Lecture by Metropolitan Kallistos of Diokleia
The beauty that is the world’s salvation is indeed the uncreated beauty that shines forth on Tabor
The transfiguration of Christ
and the suffering of the world
1. The challenge of Ivan Karamazov.
Let us begin this afternoon with the question that Ivan Karamazov puts to his brother Alyosha in Fyodor Dostoevsky’s masterwork The Brothers Karamazov. “Suppose,” says Ivan, “that you are creating the fabric of human destiny, with the object of making people happy at last and giving them peace and rest, but that in order to do this it is necessary to torture a single tiny baby… and to found your building on its tears. Would you agree to undertake the building on that condition?”. To this Aloysha replies: “No, I wouldn’t.”

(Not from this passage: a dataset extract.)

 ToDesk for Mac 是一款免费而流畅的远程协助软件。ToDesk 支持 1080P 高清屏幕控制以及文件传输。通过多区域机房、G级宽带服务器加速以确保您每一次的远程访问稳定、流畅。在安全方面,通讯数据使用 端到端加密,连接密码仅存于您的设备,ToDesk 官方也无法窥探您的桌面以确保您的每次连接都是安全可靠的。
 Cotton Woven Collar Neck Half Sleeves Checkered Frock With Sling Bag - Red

If we wouldn’t agree to do this, then why apparently has God done so? How are we to reconcile the tragic mystery of innocent suffering, present everywhere in the world around us, with our faith in a God of love? What, then, is to be our response to Ivan Karamazov?
You will note that, bearing in mind the distinction made by Gabriel Marcel, among others, I spoke just now about the “mystery” rather than the “problem” of evil and innocent suffering. A problem is an intellectual puzzle, a conundrum, which can be deciphered through clear thinking and logical acumen. But evil and innocent suffering, as a mystery, cannot be explained simply through rational argumentation. A mystery is something that has to be changed by action in order for it to become transparent to thought; something that can be resolved, if at all, only through personal experience, personal participation and compassion. We cannot begin to understand suffering unless we are directly involved in it.

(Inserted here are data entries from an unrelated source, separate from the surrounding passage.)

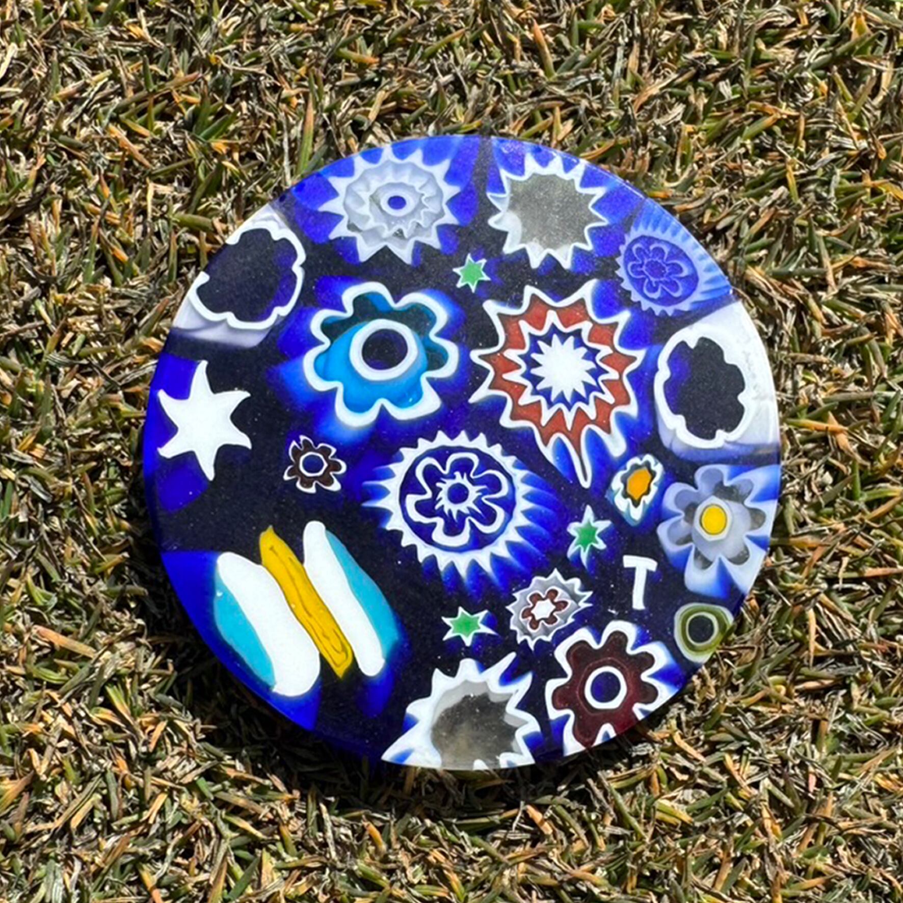 371Venetian glass Marker【イニシャル"T"-White-Navy マグネット付き】6600-370
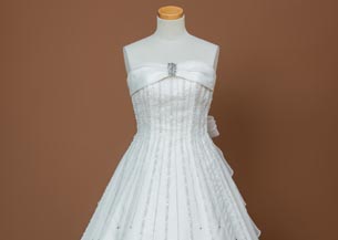 シンプルなデザインが女性らしさを際立たせる。ボリューム控えめクラシカルで正統派な印象にしたいという方にオススメの1着。
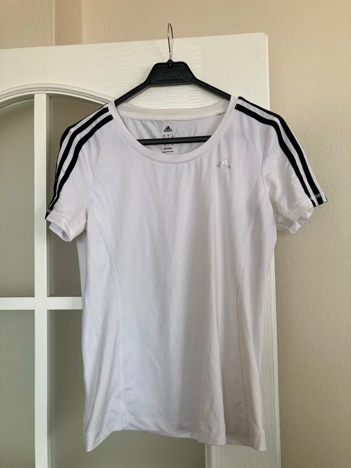 Beyaz Adidas esnek tişört, kısa kollu ve yuvarlak yakalıdır. Orijinal Adidas tshirt mağazadan alındı.
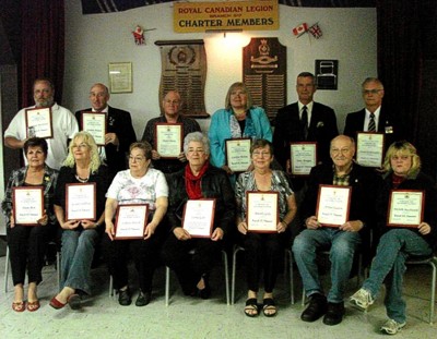The picture shows from left to right: Legion President Bob Lescombe; The Hon. Cheryl Gallant; Mayor Bob Sweet; Ralph Story; Bob McBride, and Bob Howell.
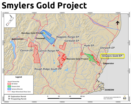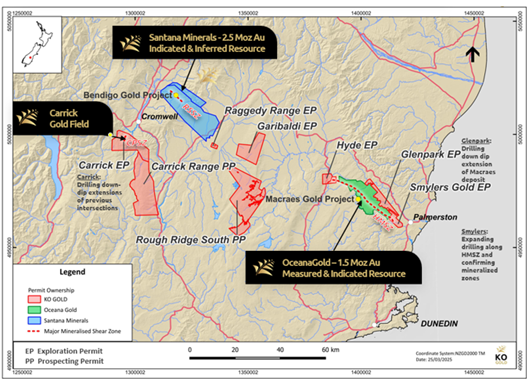 Unlike many early-stage explorers that scatter their efforts across multiple jurisdictions, KO Gold has taken a highly concentrated approach. The company controls a large land package in the Otago Gold District covering approximately 400 square km through four active exploration permits at Carrick, Hyde, Glenpark, and Smylers, all within close proximity to OceanaGold's active Macraes Gold Mine and near-term producer Santana Minerals' Bendigo-Ophir Project. In addition, KO Gold has an exploration permit application in the Carrick Range area awaiting final approval from the NZ government, located immediately south and contiguous with its Carrick permit. The Company also has a net smelter royalty (NSR) on three additional permits (Garibaldi, Raggedy Range, and Rough Ridge South) totaling 340 square km. This gives it exposure to multiple gold systems within a single, well-understood geological belt.

Such precisely is the meaning of the crucifixion: God in Christ is victorious over evil because in His own person He suffers to the full all its consequences, without any reservation whatsoever. Vincit qui patitur. Our God is an involved God: “Having loved His own who were in the world, He loved them to the utmost” (John 13:1).
Approaching this mystery of suffering and evil, seeking to add to Alyosha’s brief and enigmatic reply, let us recall the words found in another of Dostoevsky’s novels, The Idiot: “Beauty will save the world.” We shall not begin to understand suffering without being involved in it; but we are not to allow such involvement to make us forget the presence, within this fallen world, of divine and saving Beauty. What, then, does beauty tell us about the salvation of the world? Are Dostoevsky’s words simply escapist? When we watch a child in Africa dying of starvation, or see a hostage tortured and shot in Iraq, what sense does it make to speak of “beauty”? Or has Dostoevsky offered us a vital clue?
The supreme occasion on which the divine Beauty has been revealed to humankind is the transfiguration of Christ on mount Tabor. As the Orthodox Church affirms in one of the hymns at Vespers for the feast:
Transfigured today upon Mount Tabor before the disciples,
In His own person He showed them human nature
Arrayed in the original beauty of the image.
What light, then, is shed upon the mystery of suffering by the divine beauty of the Christ transfigured? What kind of connection is there between the glory of Mount Tabor and the world’s anguish and despair?